— Records for this exercise —
>>>
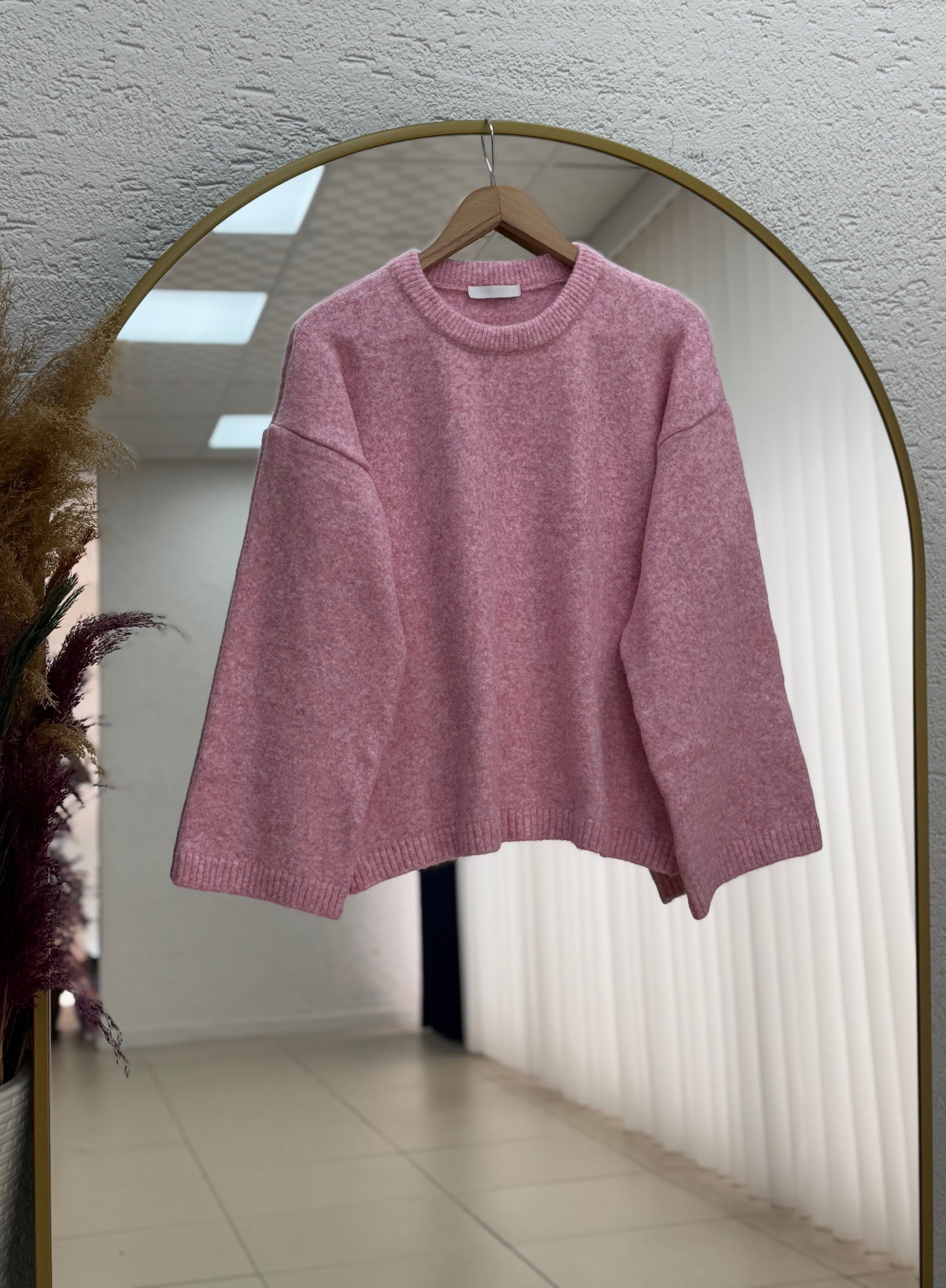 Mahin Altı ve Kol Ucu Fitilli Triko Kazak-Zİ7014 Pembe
<<<
>>>
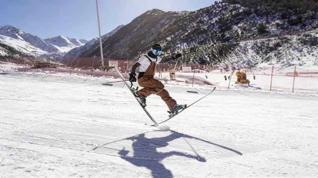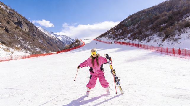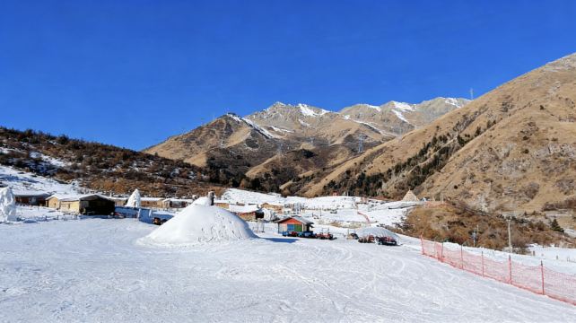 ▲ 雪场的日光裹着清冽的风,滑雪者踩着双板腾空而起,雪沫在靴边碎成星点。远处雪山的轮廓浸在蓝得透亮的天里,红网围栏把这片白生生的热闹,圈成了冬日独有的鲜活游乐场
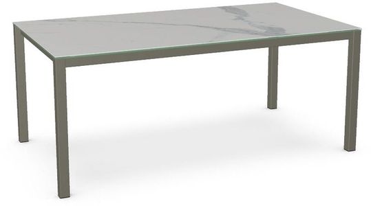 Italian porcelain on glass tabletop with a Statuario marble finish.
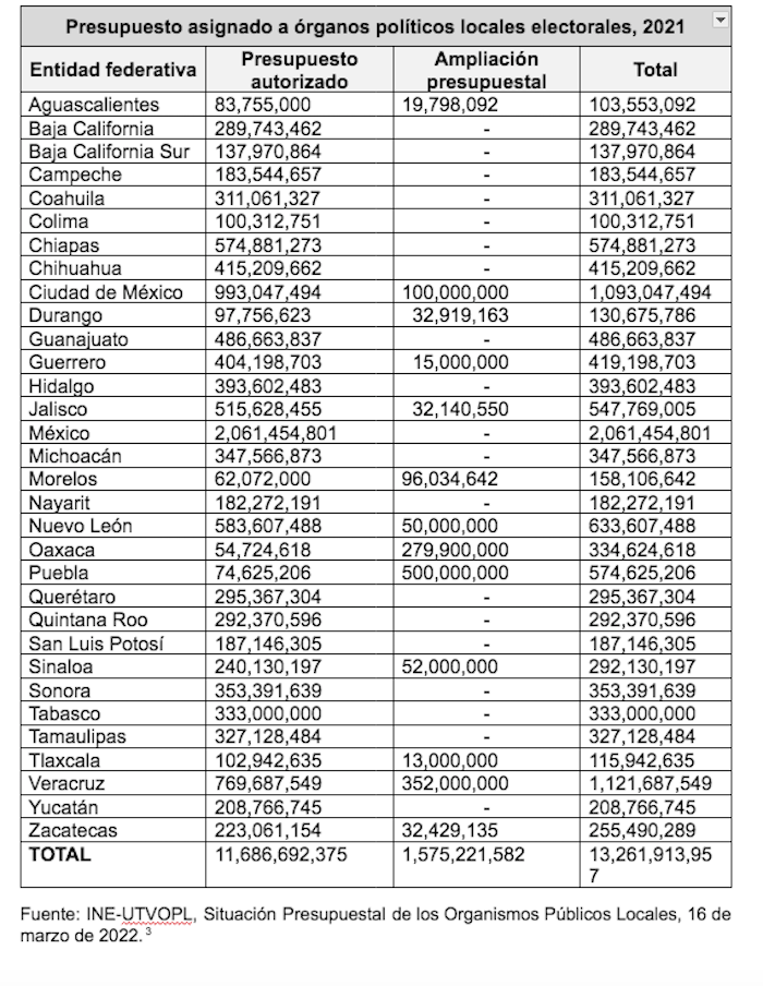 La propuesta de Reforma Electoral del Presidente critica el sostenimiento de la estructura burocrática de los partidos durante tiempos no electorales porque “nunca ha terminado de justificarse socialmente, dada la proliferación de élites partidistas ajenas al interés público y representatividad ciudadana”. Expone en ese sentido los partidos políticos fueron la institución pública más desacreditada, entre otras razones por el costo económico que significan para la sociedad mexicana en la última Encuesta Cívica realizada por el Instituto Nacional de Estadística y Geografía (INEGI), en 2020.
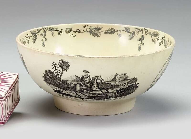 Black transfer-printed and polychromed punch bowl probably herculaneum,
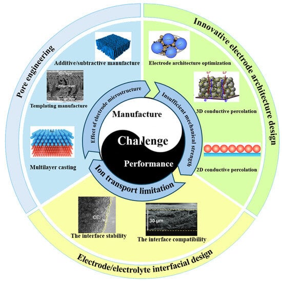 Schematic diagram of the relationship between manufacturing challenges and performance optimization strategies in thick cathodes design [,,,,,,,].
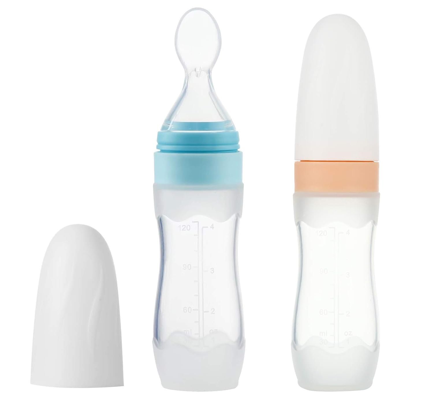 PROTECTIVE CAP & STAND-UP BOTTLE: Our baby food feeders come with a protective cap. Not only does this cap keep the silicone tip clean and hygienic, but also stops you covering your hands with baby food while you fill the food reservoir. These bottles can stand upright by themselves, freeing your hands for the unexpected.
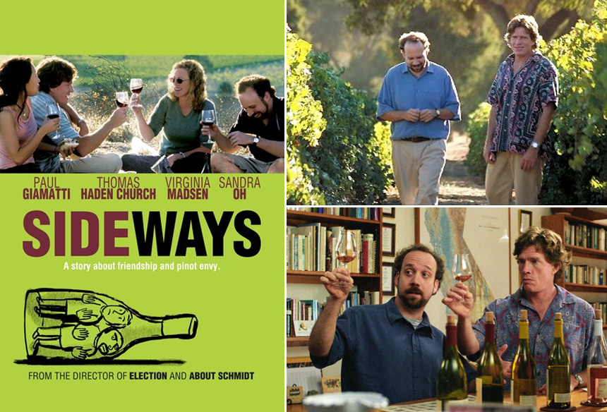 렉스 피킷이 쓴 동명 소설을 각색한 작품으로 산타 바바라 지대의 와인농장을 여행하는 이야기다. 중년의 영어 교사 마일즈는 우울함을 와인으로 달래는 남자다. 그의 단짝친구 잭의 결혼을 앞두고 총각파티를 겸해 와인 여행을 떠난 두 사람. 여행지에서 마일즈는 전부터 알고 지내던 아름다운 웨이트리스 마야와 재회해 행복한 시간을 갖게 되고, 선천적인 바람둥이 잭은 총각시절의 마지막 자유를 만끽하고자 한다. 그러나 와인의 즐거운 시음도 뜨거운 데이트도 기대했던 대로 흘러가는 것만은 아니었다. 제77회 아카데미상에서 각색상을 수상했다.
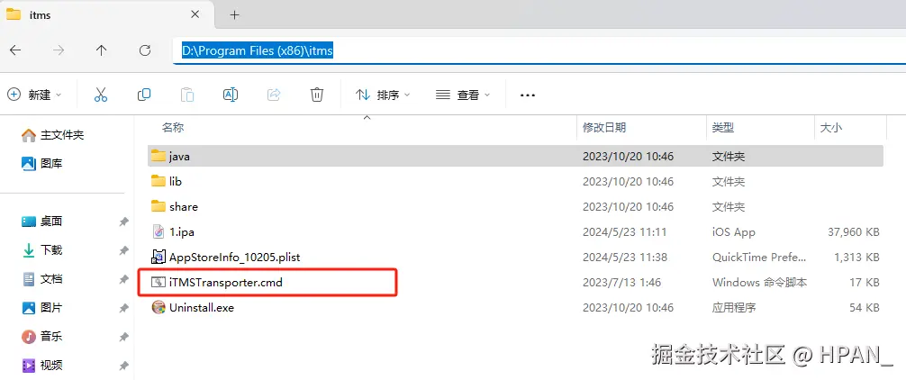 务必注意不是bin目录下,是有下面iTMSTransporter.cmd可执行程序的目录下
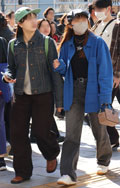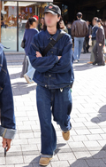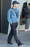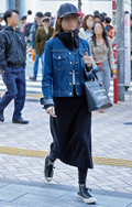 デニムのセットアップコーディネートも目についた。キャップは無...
<<<
In the material above, the stretch from the line with "Schematic diagram of" through the line with "デニムのセットアップコーディネートも目についた。キャップは無..." is to be given again exactly, minus the pictures.

 Schematic diagram of the relationship between manufacturing challenges and performance optimization strategies in thick cathodes design [,,,,,,,].
 PROTECTIVE CAP & STAND-UP BOTTLE: Our baby food feeders come with a protective cap. Not only does this cap keep the silicone tip clean and hygienic, but also stops you covering your hands with baby food while you fill the food reservoir. These bottles can stand upright by themselves, freeing your hands for the unexpected.
 렉스 피킷이 쓴 동명 소설을 각색한 작품으로 산타 바바라 지대의 와인농장을 여행하는 이야기다. 중년의 영어 교사 마일즈는 우울함을 와인으로 달래는 남자다. 그의 단짝친구 잭의 결혼을 앞두고 총각파티를 겸해 와인 여행을 떠난 두 사람. 여행지에서 마일즈는 전부터 알고 지내던 아름다운 웨이트리스 마야와 재회해 행복한 시간을 갖게 되고, 선천적인 바람둥이 잭은 총각시절의 마지막 자유를 만끽하고자 한다. 그러나 와인의 즐거운 시음도 뜨거운 데이트도 기대했던 대로 흘러가는 것만은 아니었다. 제77회 아카데미상에서 각색상을 수상했다.
 务必注意不是bin目录下,是有下面iTMSTransporter.cmd可执行程序的目录下
 デニムのセットアップコーディネートも目についた。キャップは無...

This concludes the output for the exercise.